Data supplied:
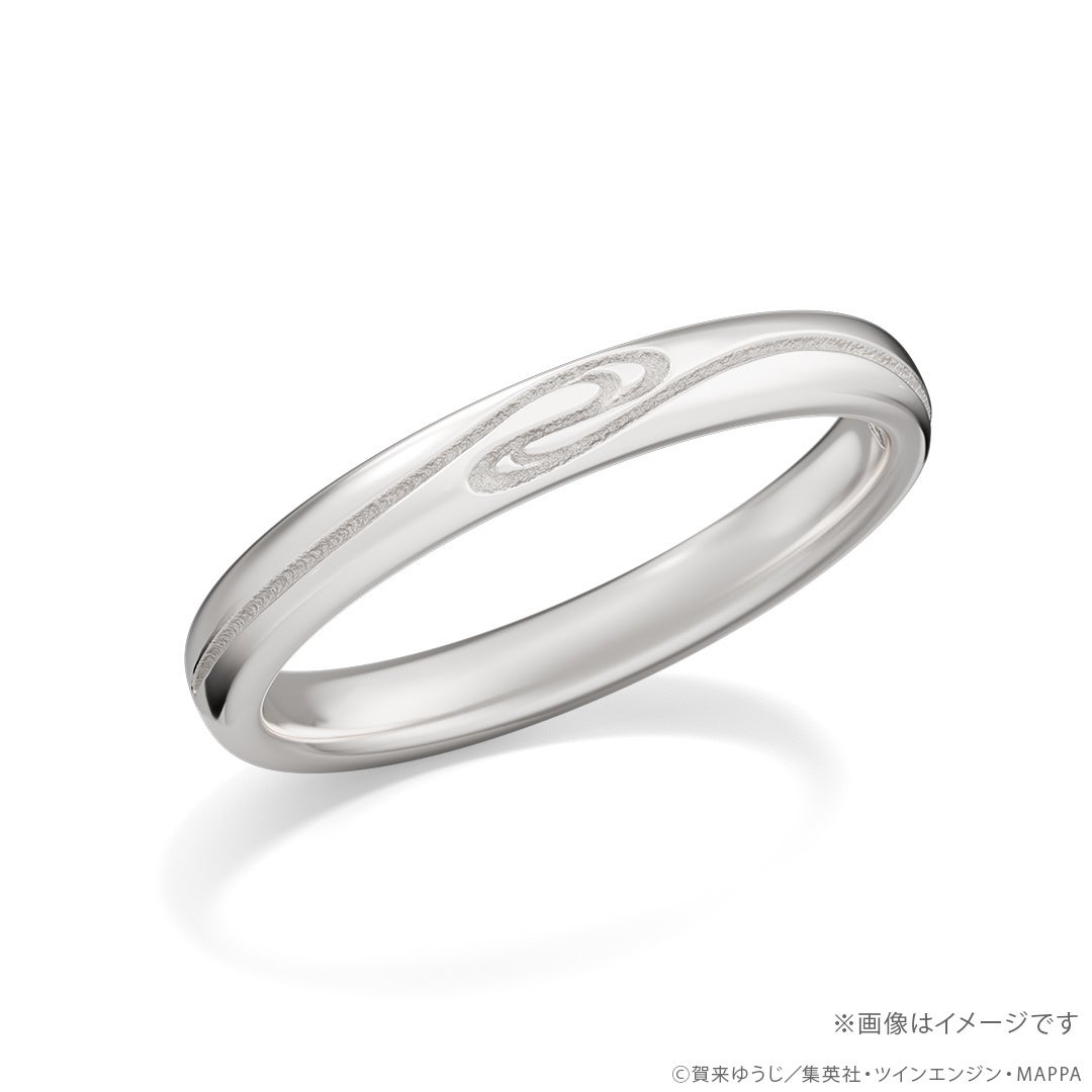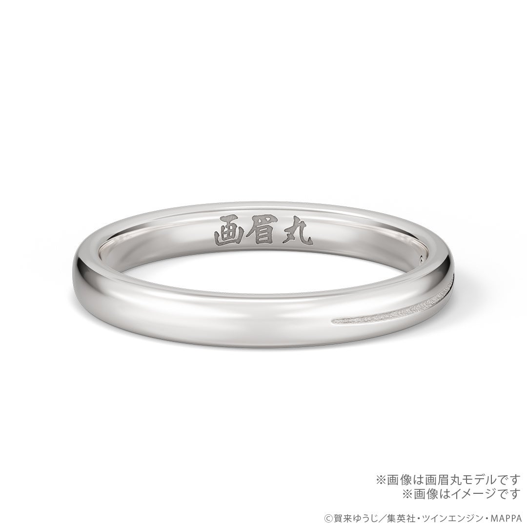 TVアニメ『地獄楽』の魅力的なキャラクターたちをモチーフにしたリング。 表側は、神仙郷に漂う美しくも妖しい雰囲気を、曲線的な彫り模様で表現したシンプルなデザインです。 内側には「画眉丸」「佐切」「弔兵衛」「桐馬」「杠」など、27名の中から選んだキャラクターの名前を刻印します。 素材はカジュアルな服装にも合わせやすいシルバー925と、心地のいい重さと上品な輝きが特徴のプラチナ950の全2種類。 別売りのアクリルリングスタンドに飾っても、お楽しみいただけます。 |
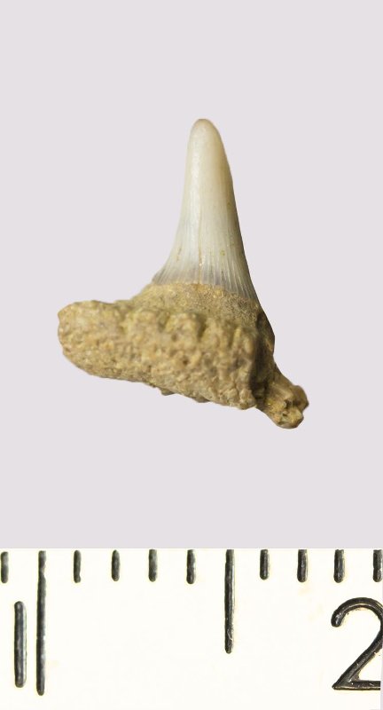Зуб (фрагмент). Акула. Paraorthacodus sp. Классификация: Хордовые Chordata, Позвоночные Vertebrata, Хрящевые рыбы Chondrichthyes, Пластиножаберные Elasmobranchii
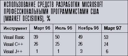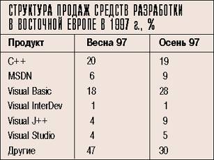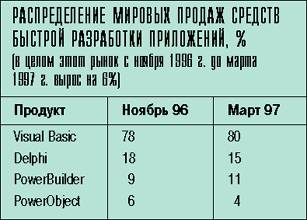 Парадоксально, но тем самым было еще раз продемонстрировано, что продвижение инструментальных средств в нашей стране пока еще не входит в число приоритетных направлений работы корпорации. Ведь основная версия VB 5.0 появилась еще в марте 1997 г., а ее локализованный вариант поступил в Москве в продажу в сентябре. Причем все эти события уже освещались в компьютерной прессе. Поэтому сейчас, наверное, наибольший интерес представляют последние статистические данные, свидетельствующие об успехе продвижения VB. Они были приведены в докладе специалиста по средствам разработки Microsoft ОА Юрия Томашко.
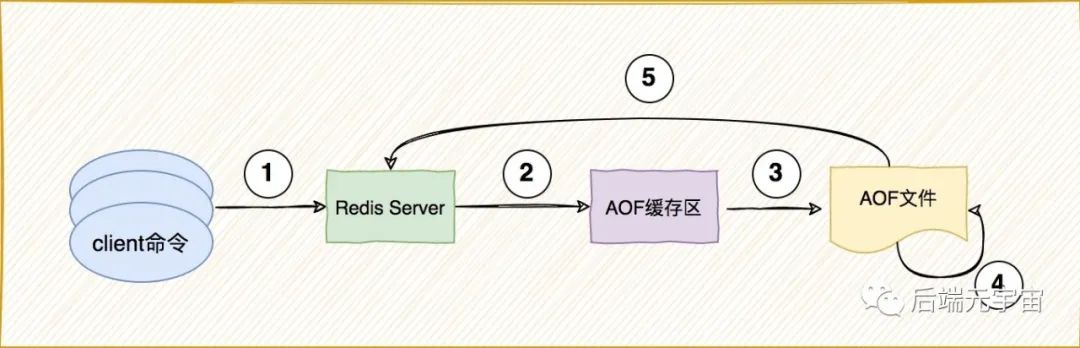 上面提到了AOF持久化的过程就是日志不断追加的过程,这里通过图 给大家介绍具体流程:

==

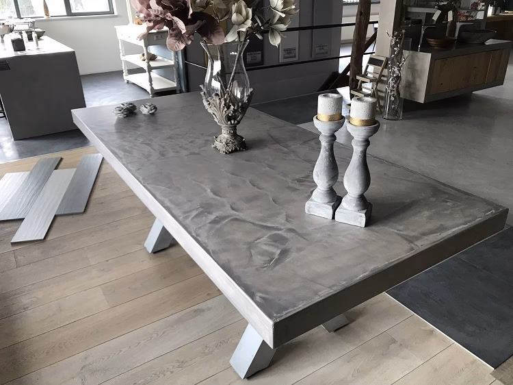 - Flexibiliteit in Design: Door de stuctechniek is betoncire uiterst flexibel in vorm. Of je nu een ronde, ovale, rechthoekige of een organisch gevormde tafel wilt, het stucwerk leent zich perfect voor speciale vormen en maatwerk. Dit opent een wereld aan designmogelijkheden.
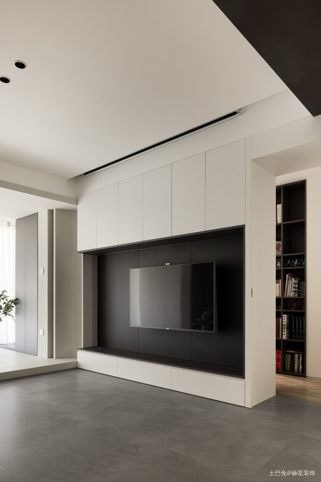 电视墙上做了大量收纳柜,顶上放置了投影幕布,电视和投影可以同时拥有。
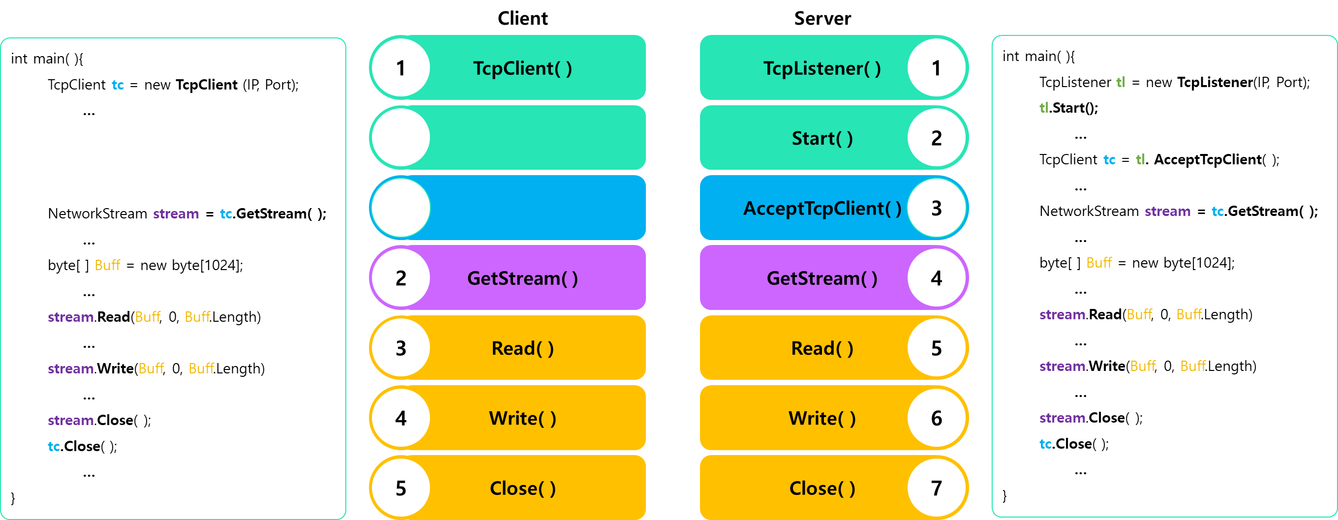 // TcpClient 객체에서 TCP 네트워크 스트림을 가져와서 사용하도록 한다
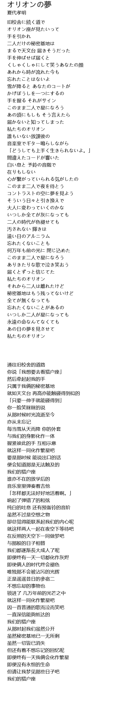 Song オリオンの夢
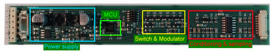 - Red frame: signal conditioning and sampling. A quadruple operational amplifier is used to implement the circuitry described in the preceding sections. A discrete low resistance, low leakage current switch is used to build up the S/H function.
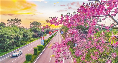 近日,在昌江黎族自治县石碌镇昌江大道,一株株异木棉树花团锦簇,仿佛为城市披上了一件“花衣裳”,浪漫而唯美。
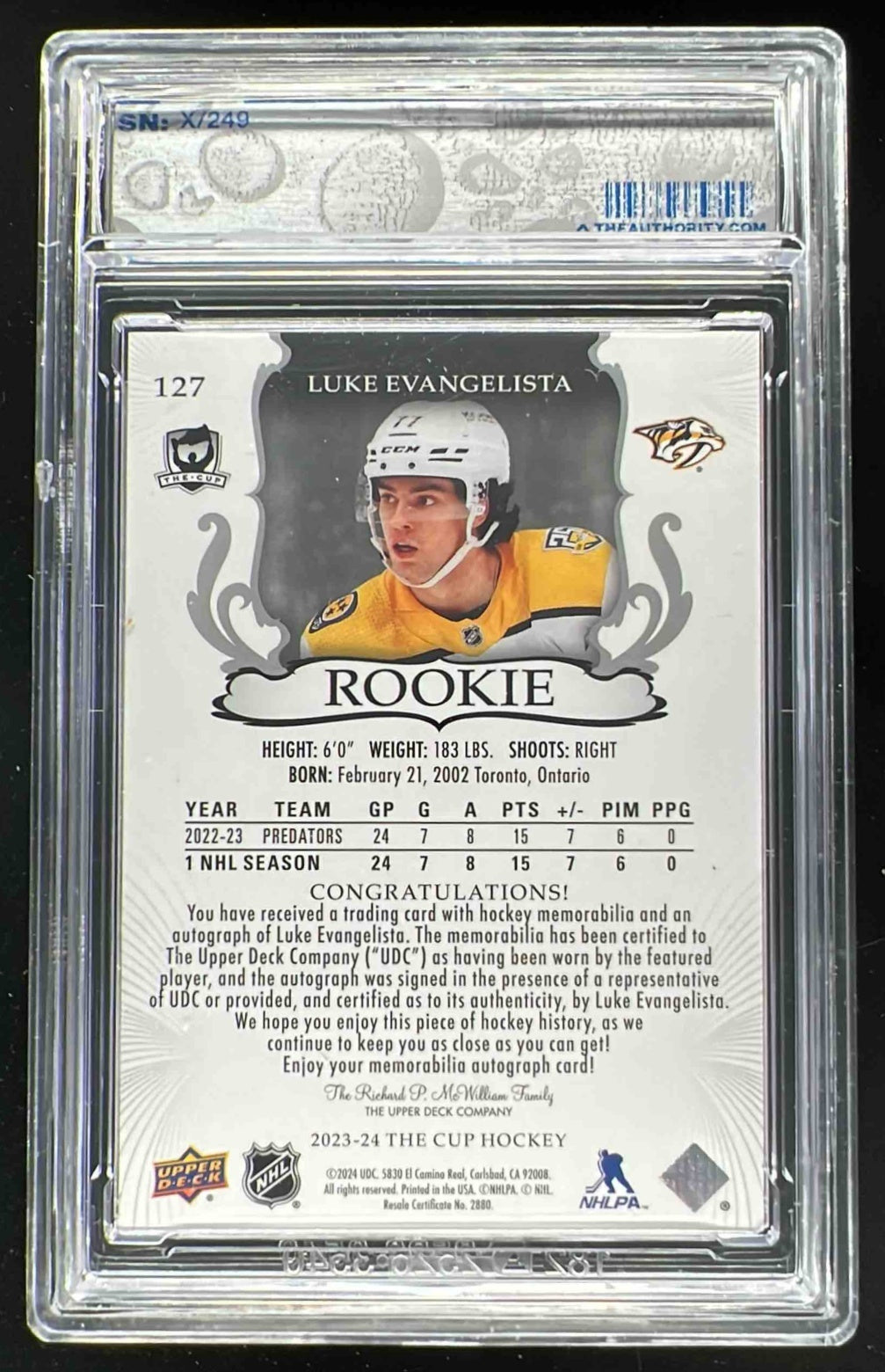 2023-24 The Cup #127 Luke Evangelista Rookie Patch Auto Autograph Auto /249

* * *

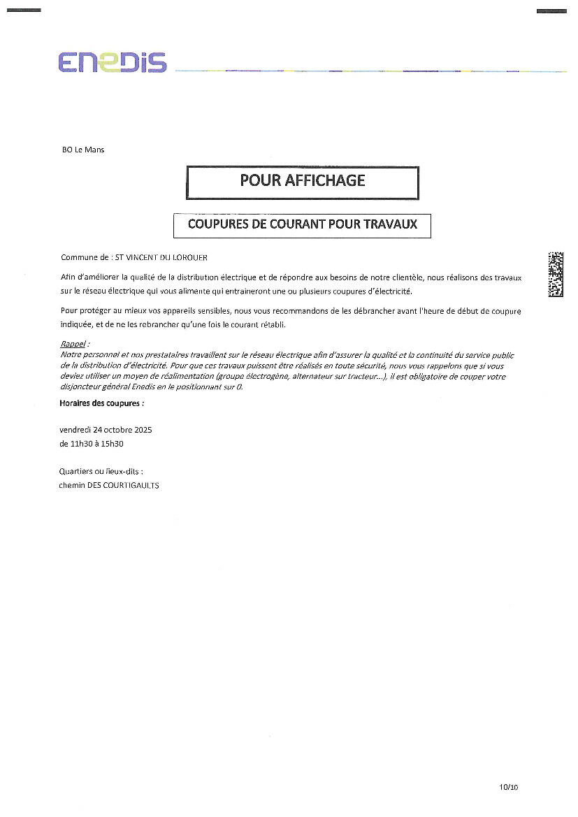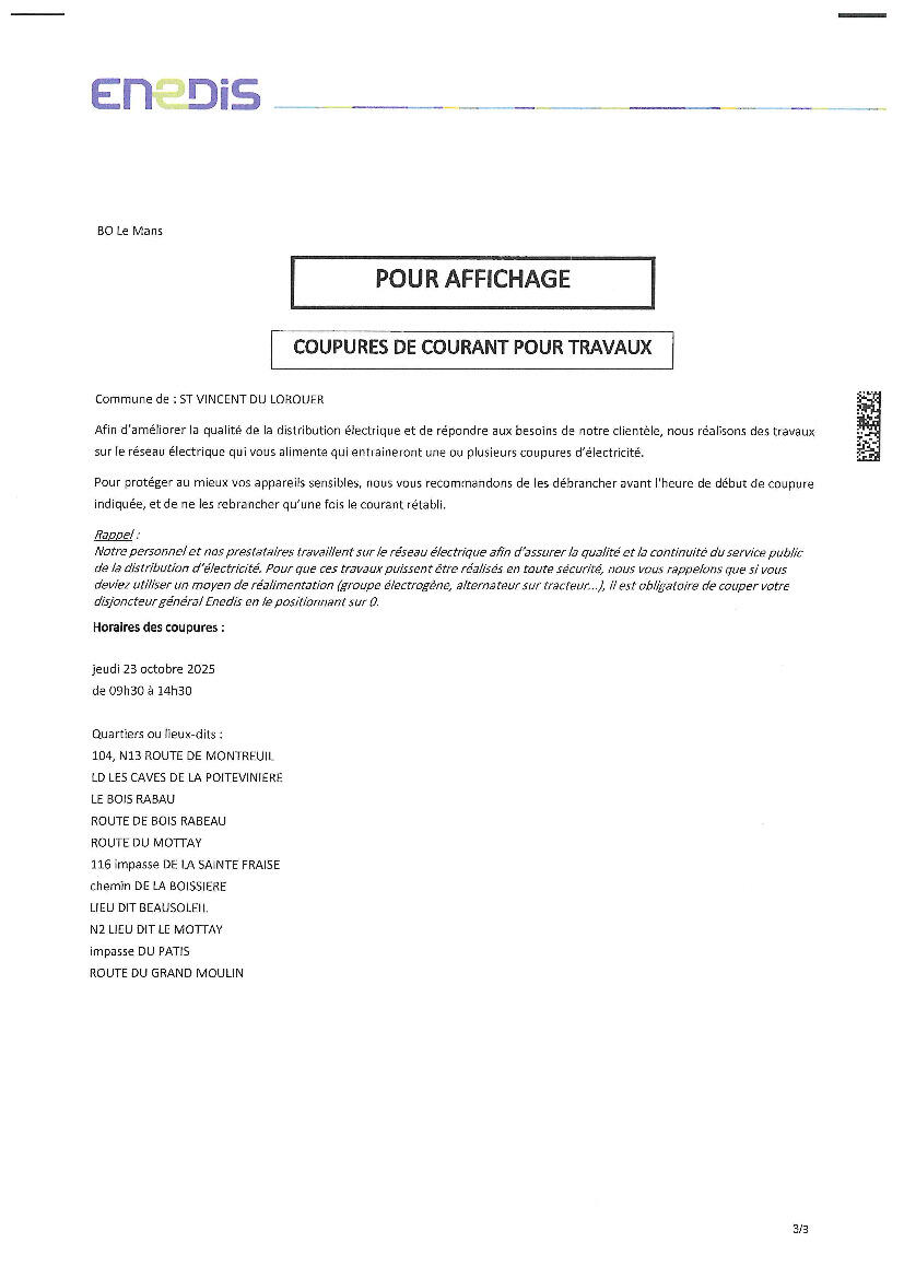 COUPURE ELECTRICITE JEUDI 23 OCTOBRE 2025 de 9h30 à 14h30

What the exercise asks: Only the lines between the one with "Парадоксально, но тем" and the one with "上面提到了AOF持久化的过程", those two included, get copied from the material above. Keep it exact and free of pictures.

Solution for this task:
 Парадоксально, но тем самым было еще раз продемонстрировано, что продвижение инструментальных средств в нашей стране пока еще не входит в число приоритетных направлений работы корпорации. Ведь основная версия VB 5.0 появилась еще в марте 1997 г., а ее локализованный вариант поступил в Москве в продажу в сентябре. Причем все эти события уже освещались в компьютерной прессе. Поэтому сейчас, наверное, наибольший интерес представляют последние статистические данные, свидетельствующие об успехе продвижения VB. Они были приведены в докладе специалиста по средствам разработки Microsoft ОА Юрия Томашко.
 上面提到了AOF持久化的过程就是日志不断追加的过程,这里通过图 给大家介绍具体流程:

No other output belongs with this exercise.